Sensors (Basel, Switzerland)
|January 23, 2024
Summary
This study developed a multi-sensor system for automatic dietary monitoring (ADM) to aid weight management. The system accurately detects eating gestures and chewing, offering a promising tool for objective food intake tracking.
Area of Science:
- Biomedical Engineering
- Wearable Technology
- Health Informatics
Background:
- Overweight and obesity are significant global health challenges.
- Accurate dietary monitoring is crucial for weight management but often hindered by self-reporting inaccuracies.
- Automatic Dietary Monitoring (ADM) offers a potential solution for objective and continuous food intake assessment.
Purpose of the Study:
- To develop and evaluate a multi-sensor system for automatic detection of eating events.
- To assess the effectiveness of combining different sensor modalities for improved eating event classification.
- To support individuals in weight management through objective dietary tracking.
Main Methods:
- A sensor system was designed integrating a smartwatch (accelerometer, gyroscope) for gesture detection, a jaw-worn piezoelectric sensor for chewing detection, and respiratory inductance plethysmography for swallowing detection.
- Features were extracted from sensor data to train a support vector machine (SVM) model.
- Experiments were conducted with six subjects in a controlled setting involving eating and non-eating events.
Main Results:
- The SVM model achieved an F1-score of 0.82 for eating gesture detection.
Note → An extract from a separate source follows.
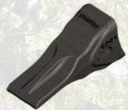
Dent de godet SMARTFIT A partir de 16€

- Chewing detection yielded a high F1-score of 0.94.
- Swallowing detection achieved an F1-score of 0.58.
Conclusions:
- The integrated multi-sensor system demonstrates significant potential for automatic dietary monitoring.
- Combining sensors for different stages of the dietary cycle improves eating event classification accuracy, particularly for gestures and chewing.
- Further refinement is needed to enhance the accuracy of swallowing detection for comprehensive ADM.